The University of Michigan Solar Car team took third place at this year’s Bridgestone World Solar Challenge in Australia, the only American team to cross the finish line among more than 40 contenders.
Michigan reached Adelaide, South Australia, on Thursday afternoon, ending their five-day, 1,800-mile race.
“I’m so proud of my entire team,” said Andrew Dickinson, the team’s project manager and computer science junior. “This team had so many curve balls thrown at us when we made this car and we handled every one of them…I’m overjoyed and a little sad it’s over.”
The preparation that went into building Michigan’s car, Electrum, proved worthwhile, and the vehicle only required a few roadside stops.

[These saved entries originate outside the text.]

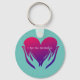 Ce porte - clé possède un grand coeur rose tenu en 2 mains sur un arrière - plan bleu aqua serein.
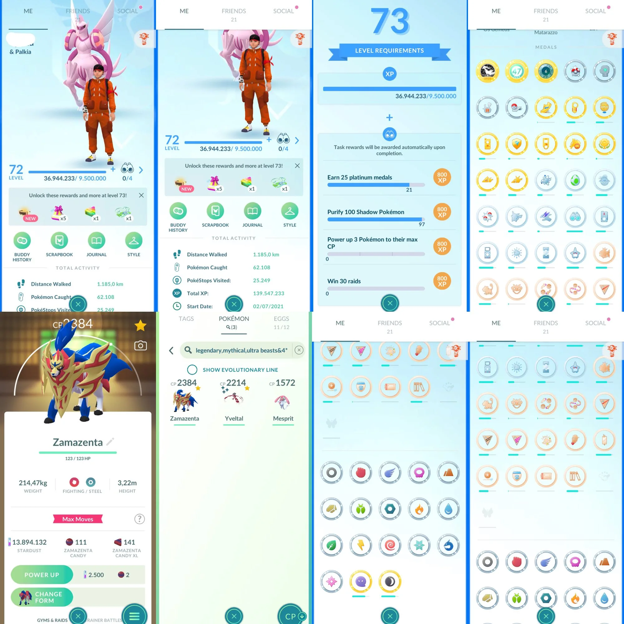 Old 2021-Level 72+ ⸱ 3 legend iv100-Shundo Yveltal+Hundo Zamazenta Sword-210 legend-204 shiny-13.8 mil+ Stardust-109 Hundo-11 costume-725 Coins-Shiny Dialga O RoT
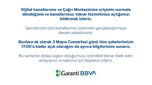 Erişim sorunu karşılığında, Garanti BBVA tüm şubelerinin 3 Mayıs günü saat 17.00'ye kadar açık olacağını da duyurdu. Banka, yaptığı açıklamada, "Bu süreçten dolayı üzgün olduğumuzu içtenlikle tekrar ifade eder, anlayışınız ve sabrınız için teşekkür ederiz" dedi. Ayrıca, 3 Mayıs Cumartesi günü de tüm şubelerin aynı saatlere kadar açık olacağı bildirildi.
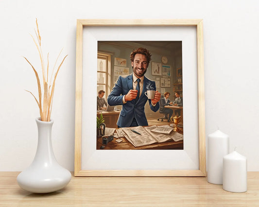 Nasze karykatury na zamówienie są dostępne w różnych formatach – możesz otrzymać je jako plik cyfrowy w wysokiej rozdzielczości, gotowy do wydruku, obraz na płótnie lub plakat.
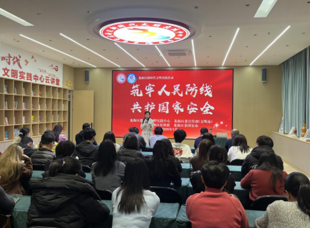 文明风3月4日讯 3月4日,龙海区新时代文明实践中心、龙海区委宣传部(文明办)、龙海区社科联、龙海区委国安办联合举办“筑牢人民防线 共护国家安全”主题宣传教育活动。活动通过专题讲座与现场观展相结合的形式,有效推动国家安全教育走进基层、贴近群众,取得良好成效。
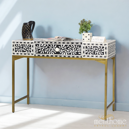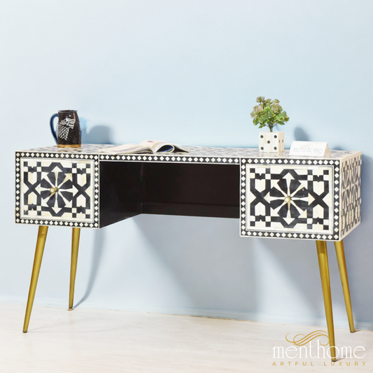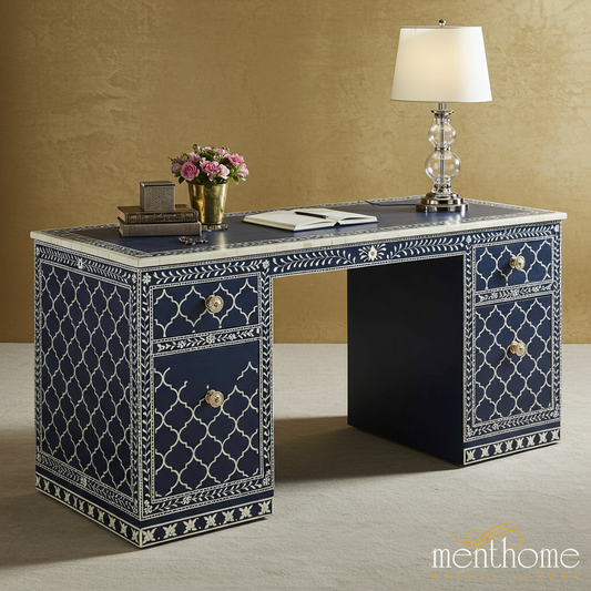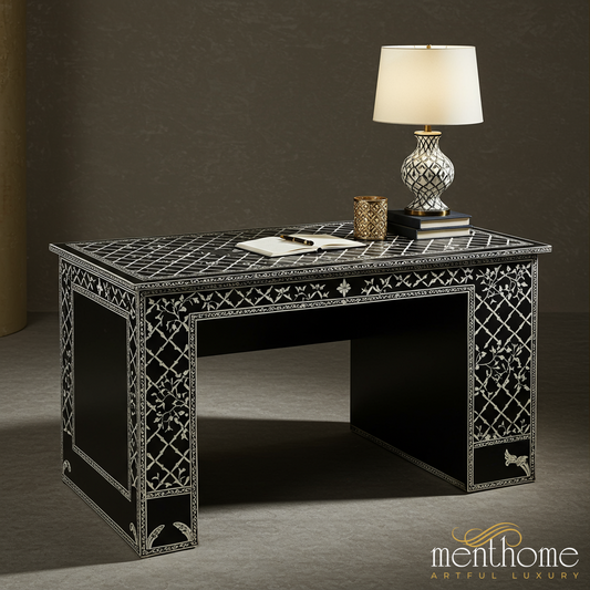 Elevate your workspace with our bone inlay desks and mother of pearl writing tables, handcrafted to combine functionality with timeless artistry. Each desk is meticulously inlaid by skilled artisans, creating intricate patterns that turn practical furniture into a statement piece. Designed for modern offices, home studies, or creative corners, these desks offer both durability and elegance, with ample surface space for work or décor. By choosing our inlay desk collection, you embrace ethical craftsmanship and sustainable luxury, supporting artisan livelihoods through fair wages while enjoying custom designs, premium quality, and exceptional customer care.
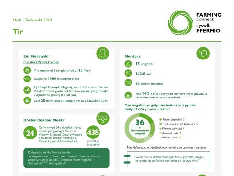 Mae'r dangosfwrdd hwn yn amlinellu gweithgaredd Mentro a chynhaliwyd ar draws rhaglen Cyswllt Ffermio rhwng Awst – Medi – Tachwedd 2023
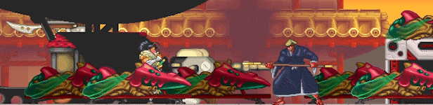 Ganryu 2 is a 2D platformer at its best! It is the sequel to the Ganryu game made by VISCO on NEOGEO back in 1999. The universe takes place in a feudal fantasy Japan which is strongly inspired by the story of Takezo Musashi, whose adventures are unfolded in a series of books (mainly "The Stone and the Sword").
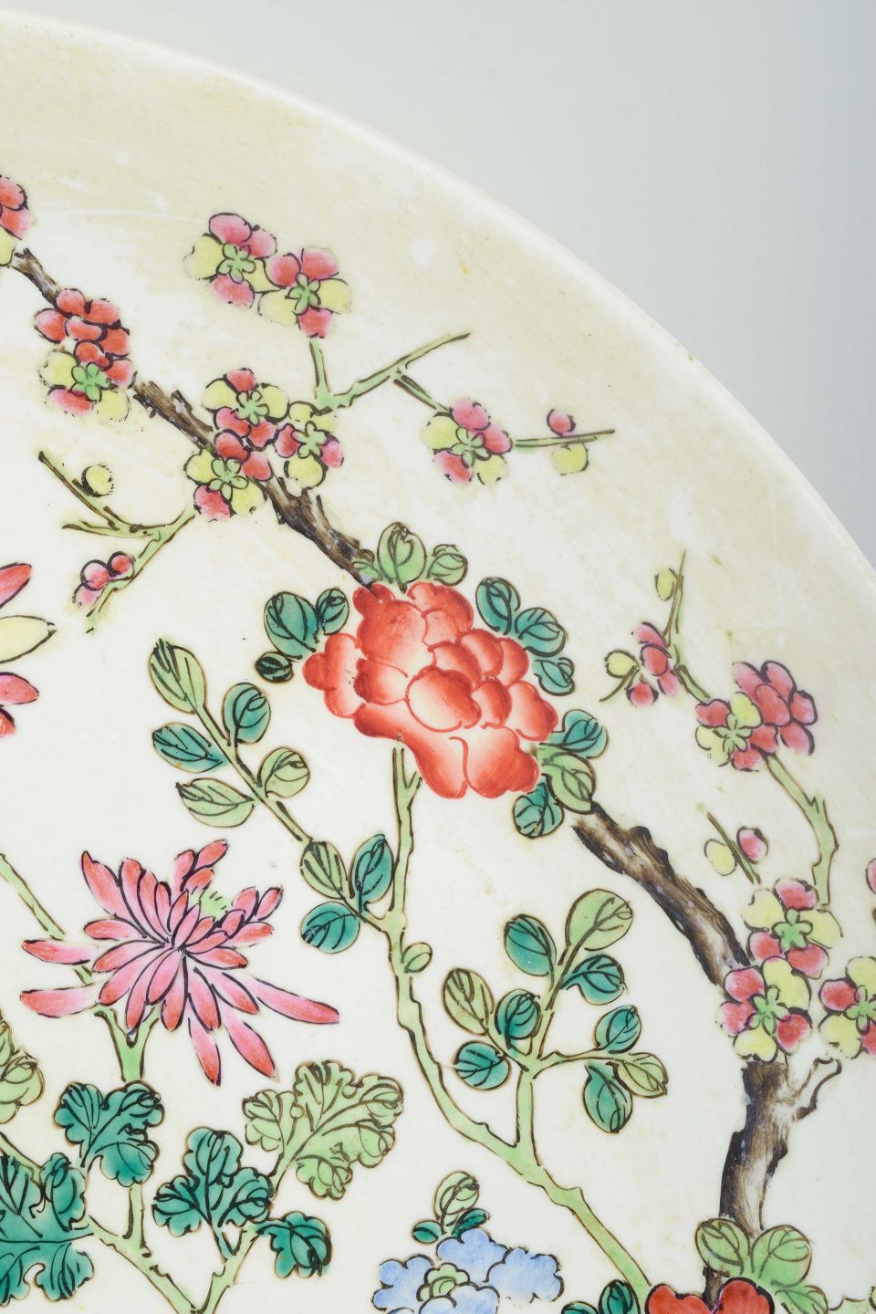 En dekorativ og stor skål, der med sit rige blomsterregister repræsenterer Qing-dynastiets sans for farvepragt og symbolik, hvor blomsterne står for velstand, harmoni og lang levetid.
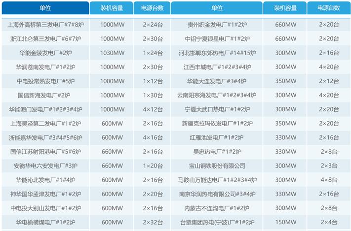 HF系列電除塵器高頻電源典型業(yè)績(jì)表

The team’s new lightweight lithium polymer cells, a risk in their design, were a reliable substitute to the traditional lithium ion batteries used in the past.
In addition to a dependable vehicle, Michigan team members kept morale high. The team developed a mantra of “racing our race” to stay focused on their own car rather than opponents.
To qualify for the competition and determine starting position, the teams from around the world were put through rigorous testing. Based on performance in a single lap around a track, Michigan placed 10th in challenger class.
The starting position wasn’t a hurdle. Once the real competition began in Darwin, Northern Australia, the team moved up in the pack, often trading places with Tokai University.